An Établissement d'hébergement pour personnes âgées dépendantes (also called EHPAD) is the most widespread type of French residential care for senior citizens.

== History ==
After World War II residential care homes for senior citizens were called hospices. A French law of 3 June 1975 changed the designation to maison de retraite (retirement home), partly because the old terminology had become derogatory. Another reform in 1999 created the new term Établissement d'hébergement pour personnes âgées dépendantes (EHPAD).

== Operation ==
EHPADs can be public or privately owned. In 2017 of a total of 7000 in France 40% were public, 30% belonged to non-commercial organizations and 30% belonged to the private sector.

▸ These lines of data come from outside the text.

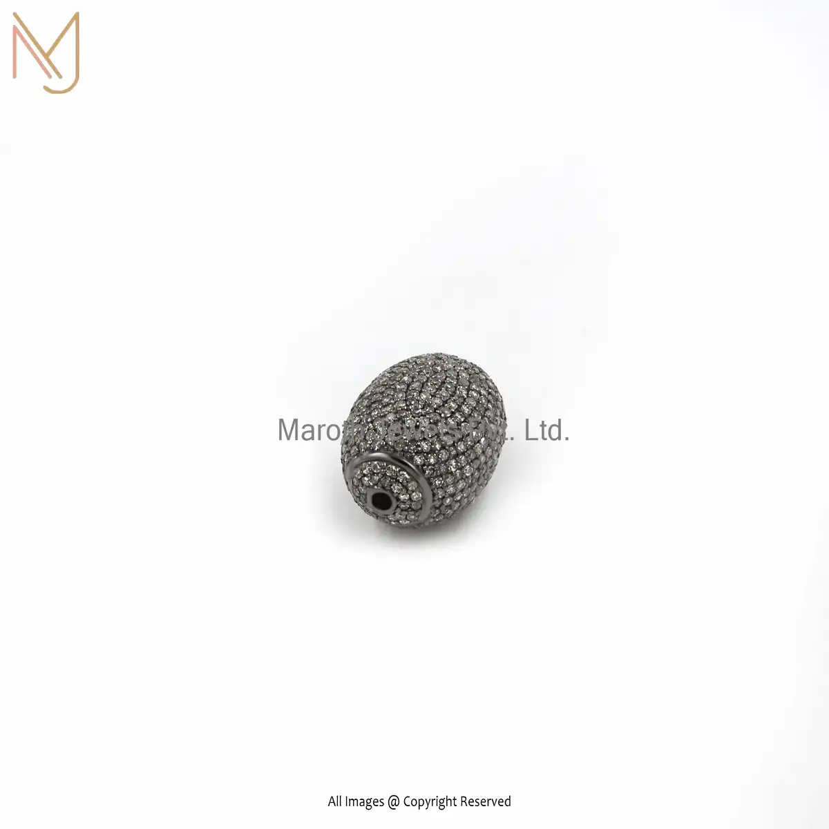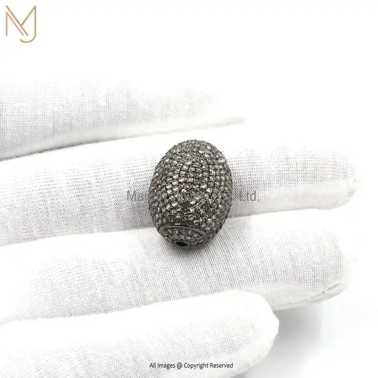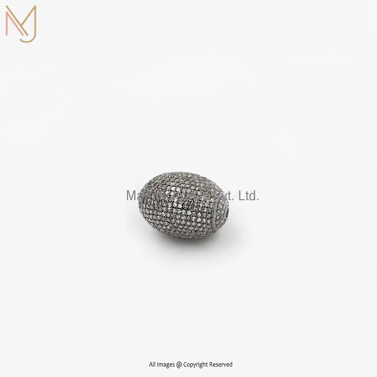 925 Silver Gray Rhodium Plated Pave Diamond Beads Finding Custom Jewelry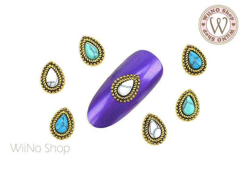Drop Turquoise Gemstone Bohemian Nail Metal Charm - 2 pcs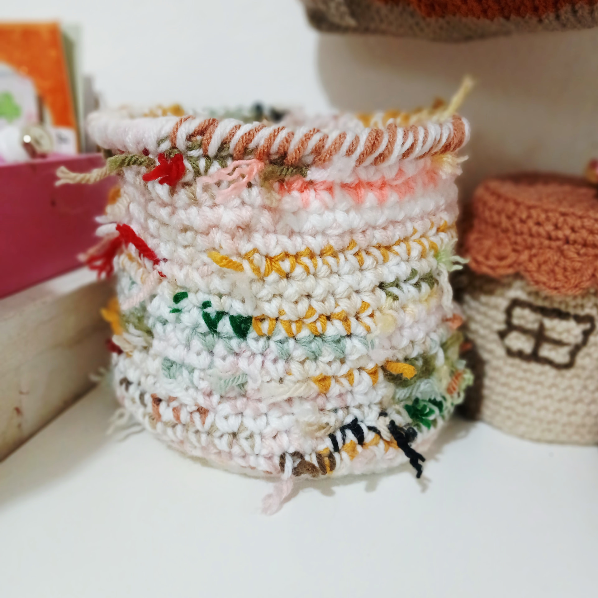 I made it out of a bunch of little acrylic yarn scraps that I tied together and I now use it to hold more yarn scraps eheh :>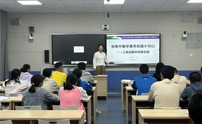 本次讲座由教务处主任肖萍主讲,她以“初高中数学素养衔接小切口—三角函数的拓展衔接”为题展开,从初高中三角函数关联结构图、2024中考题再现到五个拓展衔接小切口,引导同学们探究用已有的知识和经验解决新问题的方法,真正从“解题”走向“解决问题”。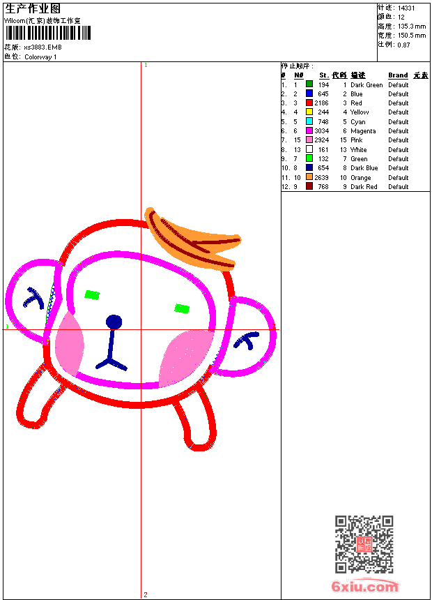 - emb花版参数: 大小:88.50 KB / 尺寸:151*182[毫米] / 针数:14367针 / 线色:12 / 格式:emb / 版本:9

The largest private groups managing EHPAD in France in 2020 were:
- Korian, with approximately 25,000 beds
- Orpea, with approximately 20,000 beds
- DomusVi, with approximately 17,000 beds.

== Residents ==
The level of dependency of seniors in EHPADs is high: in 2011, more than 40% of residents had Alzheimer's disease, and three quarters had a cardiovascular disease.

=== Dependency levels ===
A standardized scale determines the level of dependency of a resident. This scale called GIR (groupe iso-ressources) has the following values:
- GIR 1 : Total mental and physical dependency
- GIR 2 : High mental and physical dependency
- GIR 3 : Physical dependency
- GIR 4 : Partial physical dependency
- GIR 5 : Moderate dependency
- GIR 6 : No dependency

== Costs==
The cost for a resident can be high. According to a 2010 KPMG study the mean cost of one day for an EHPAD place is €49 for accommodation and €24 for care.